Placing businesses in “office parks” is a way to keep the county’s rural character, said Mansfield.
Dan Downs of Hartfield asked Crump why he voted to apply for a federal grant to allow the county to buy two vehicles, the cost of which would be reimbursed by the federal government. Downs asked how long it would take to get the money back from the federal government once the vehicles are purchased.
Crump said the recent board vote was only to get on the list for federal stimulus money for the two vehicles, and no vehicles would be purchased unless money was available. If approved, the county has one year to use the federal grant, which would pay for 100% of the vehicles, he said.
In closing, Revere said future decisions “will not be easy.”
Mansfield said, “We have got to learn as a county to get together.”
Regarding the proposed Saluda sewage treatment plant, Mansfield said the permit should be delayed. He noted the county will spend between $4,000 to $6,000 to send representatives to a State Water Control Board meeting in Richmond on October 26 to defend the county’s position.
Crump took credit for having the proposed treatment plant site moved from next to the sheriff’s office to about a half mile east of Saluda. “Had I not been there (on the board of supervisors), it would be pumping there. I begged them to not build the plant behind the sheriff’s office.”
Crump noted that supervisors did not increase the tax rate during a time of economic crisis, rising fuel costs, and federal mandates.
Roger Martin of Urbanna asked the three school board candidates for their “philosophy” on education and if students are “learning how to learn” when teachers “teach to the (SOL) tests.”
Jim Goforth said when he was a teacher he “did not like” SOLs. “You do teach to the test,” he said. However, he added, there is room for teachers to teach other things as well.
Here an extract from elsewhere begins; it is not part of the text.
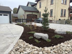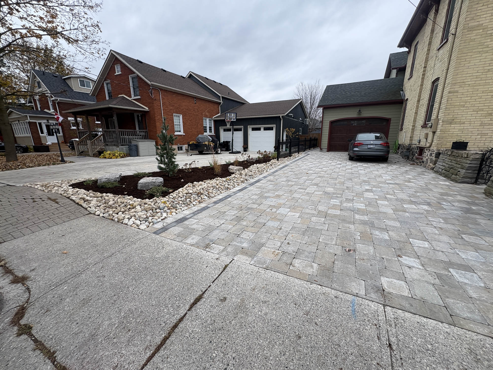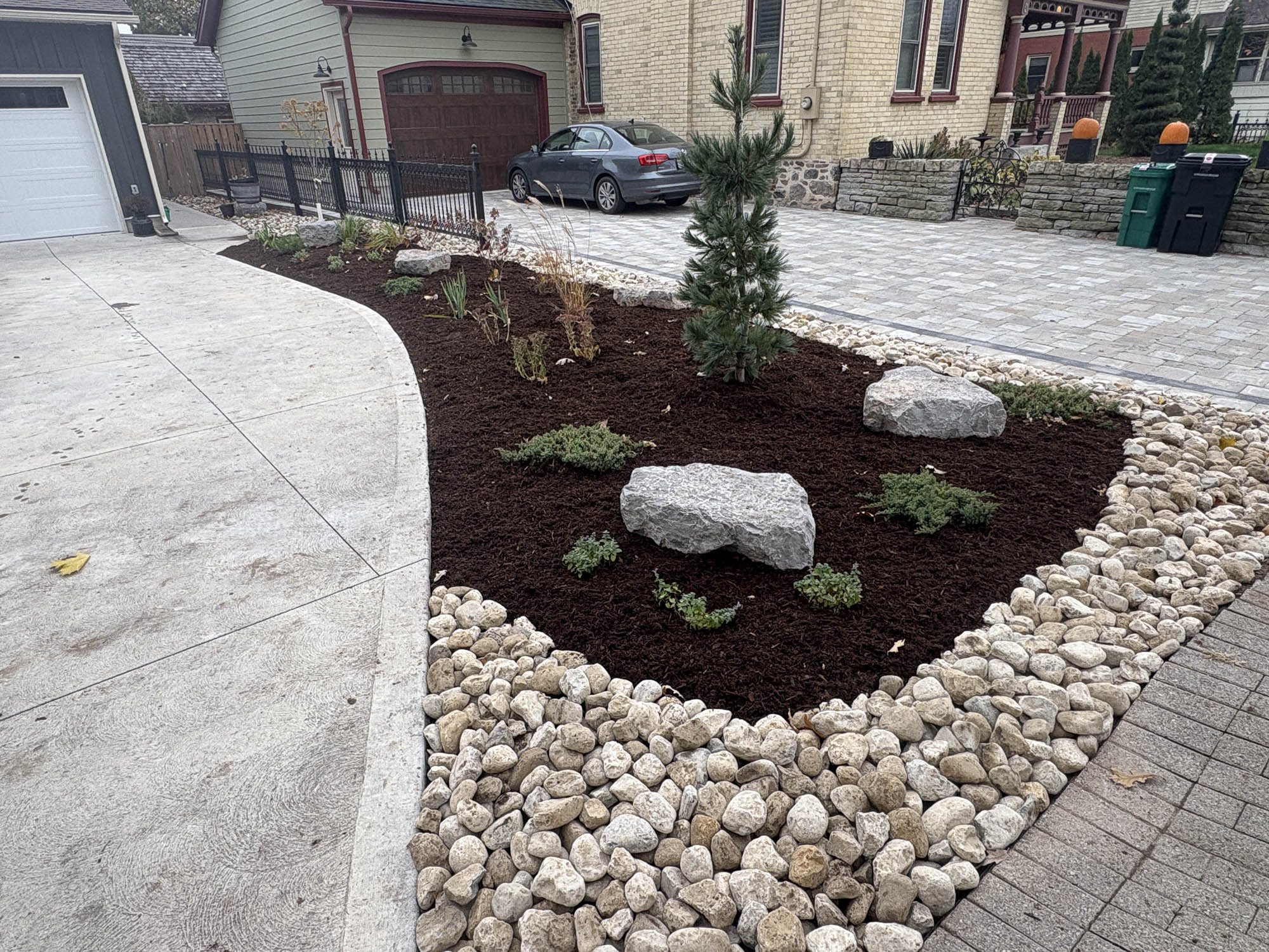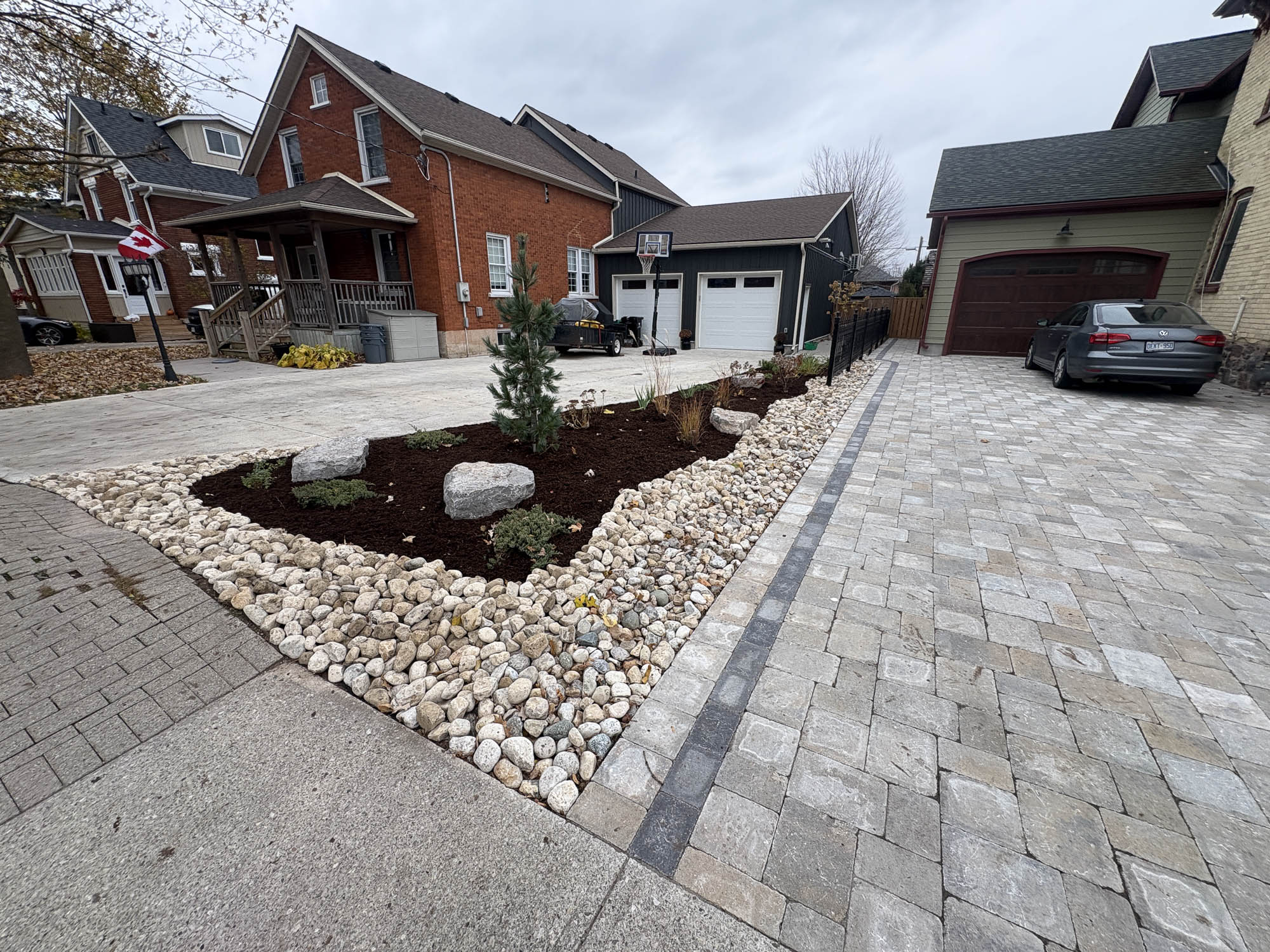 Where durability meets sophisticated charm. This project redefines the entryway with a precision-laid paved driveway, accented by a striking dark charcoal border. A curated island of river stone and dark mulch provides a low-maintenance, sculptural focal point that bridges the gap between classic architecture and modern landscaping.

The state wanted accountability and the SOLs must be passed for the school system to be accredited, Goforth said. The Middlesex School Board is committed to “pre-testing” so that help can be provided to students. “I’m sorry to say, that’s life.”
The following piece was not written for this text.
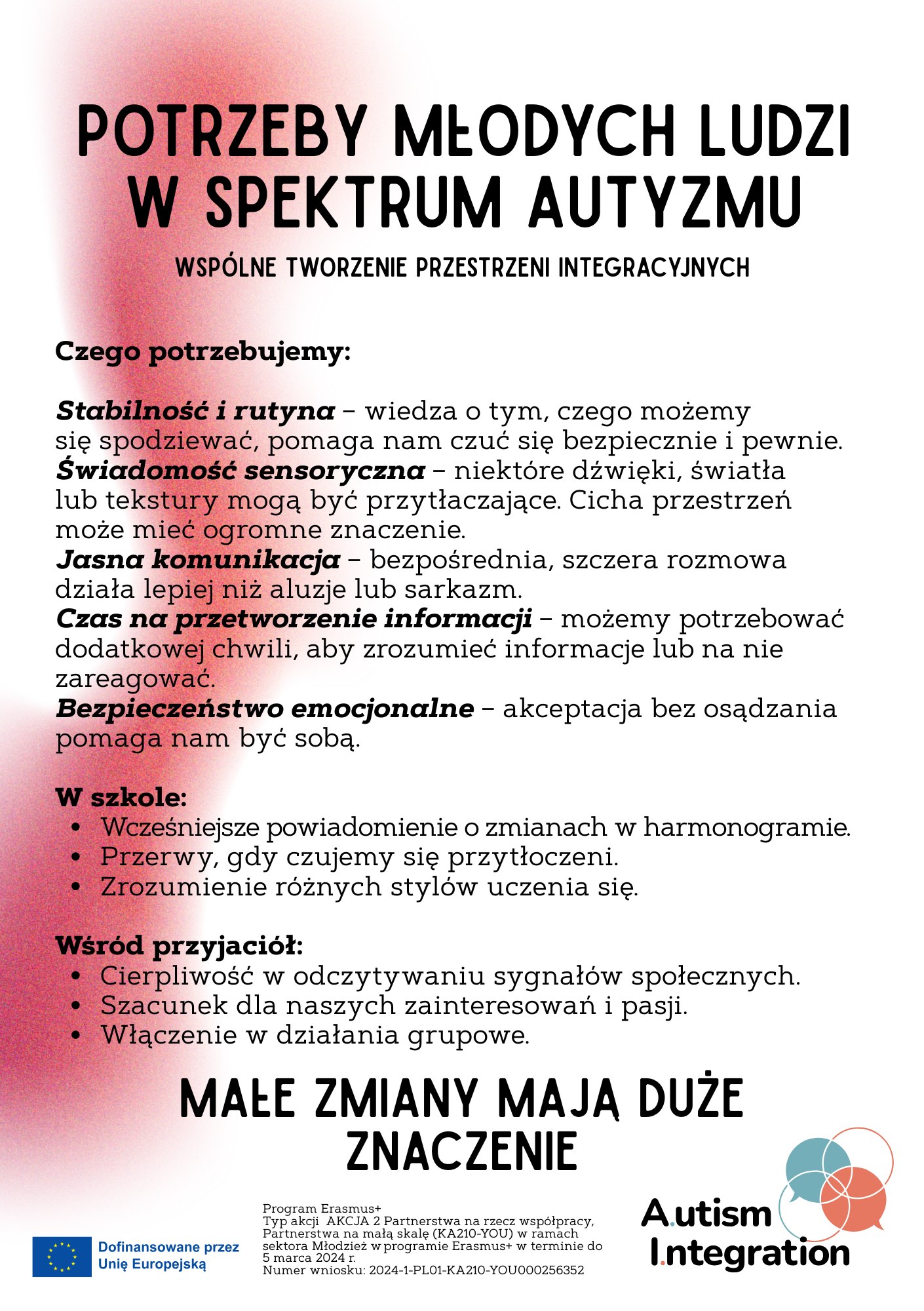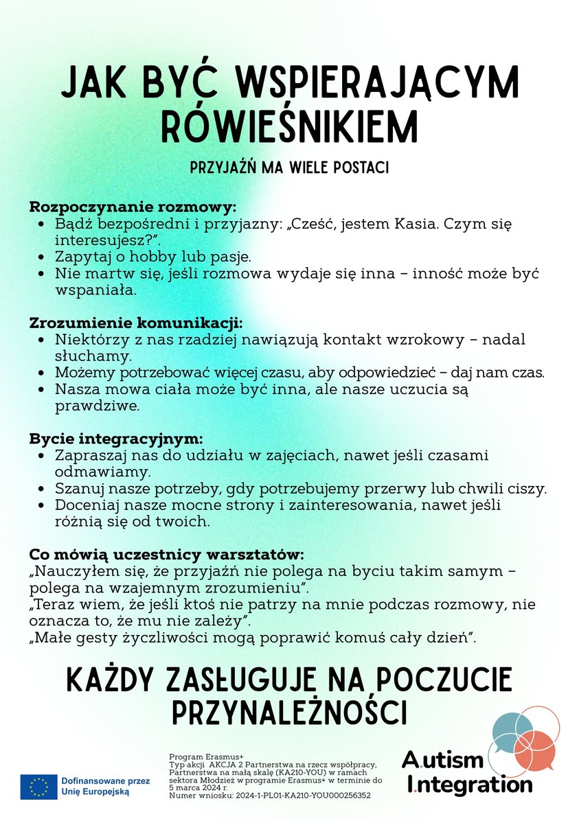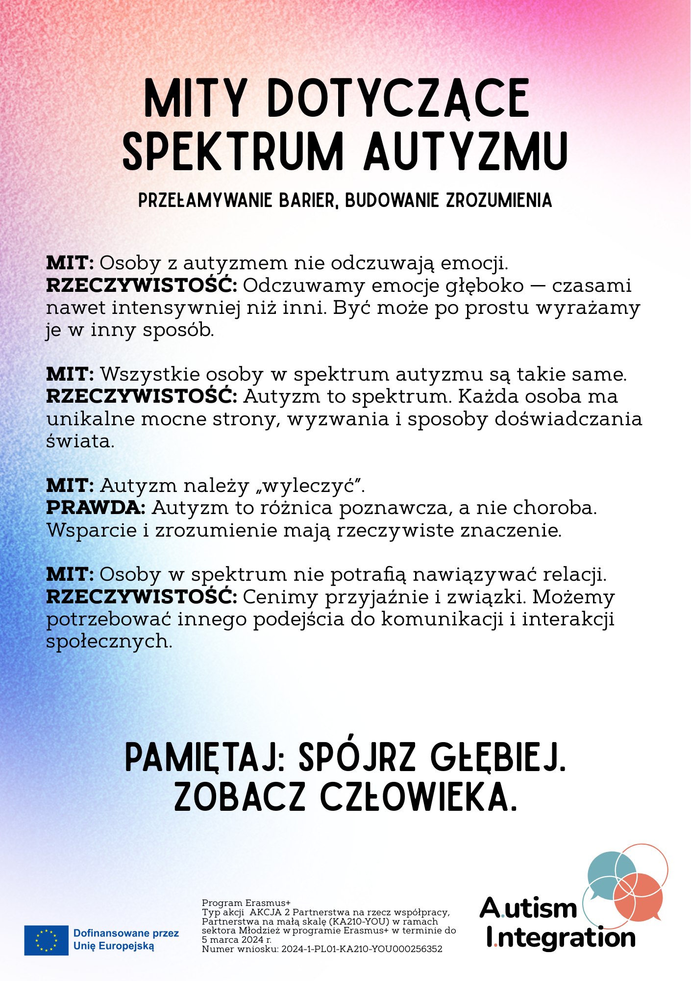 Działania są finansowane ze środków Unii Europejskiej w ramach programu Erasmus+ w projekcie „A.utism I.ntegration - opracowanie narzędzi edukacyjnych bazujących na potencjale sztucznej inteligencji wspierających integrację społeczną osób młodych z niepełnosprawnościami poznawczymi.” (2024-1-PL01-KA210-YOU-000256352).

Richard Shores said, “SOL scores are how we are judged,” and there needs to be accountability and standards.
Garland Harrow said, “I don’t like SOLs, but they are the best measure of where we are and what teachers and students are doing. There has got to be a balance in teaching with SOLs and the ABCs of learning, so students know how to analyze problems and figure solutions.”
Moderator John Koedel asked what role the federal government has in education.
Shores answered that the state regulates education, but federal dollars help support it. “If you take federal and state funds, you must have accountability.”
Goforth said the federal government “guarantees the rights of certain individuals.” Before the federal government got involved, handicapped children were not allowed to attend public schools, he noted.
Jerry McMurtrie asked how good teachers can be recruited when Middlesex has a reputation of paying less than other counties.
Goforth noted Mathews County teacher salaries are lower than in Middlesex, but added, “We are one of the lowest.” He said Middlesex has a “young and talented administrative staff and the superintendent actively recruits teachers.”
Teacher layoff in some areas is a benefit to Middlesex, and this year teachers came to Middlesex from Wyoming and Arizona, said Goforth. “This is the first year in the past two or three that we’ve had a full math department at the high school.”
In closing, Harrow said, “There are ways to tighten the budget and still achieve the level of education that we now have. Education should be the number one priority and the rest comes second.”
Harrow said that with better schools the county “would be a better place to live.”
Goforth said the most recent budget was cut by $500,000 and there was a 25% increase in health insurance costs. The school board held meetings in every district to get citizen input. “We tried our best,” he said. “We are not going to cut anything that affects the kids.”
Shores said the school board and board of supervisors need to work together. He added that an athletic facility is needed at MHS and that plan should move forward.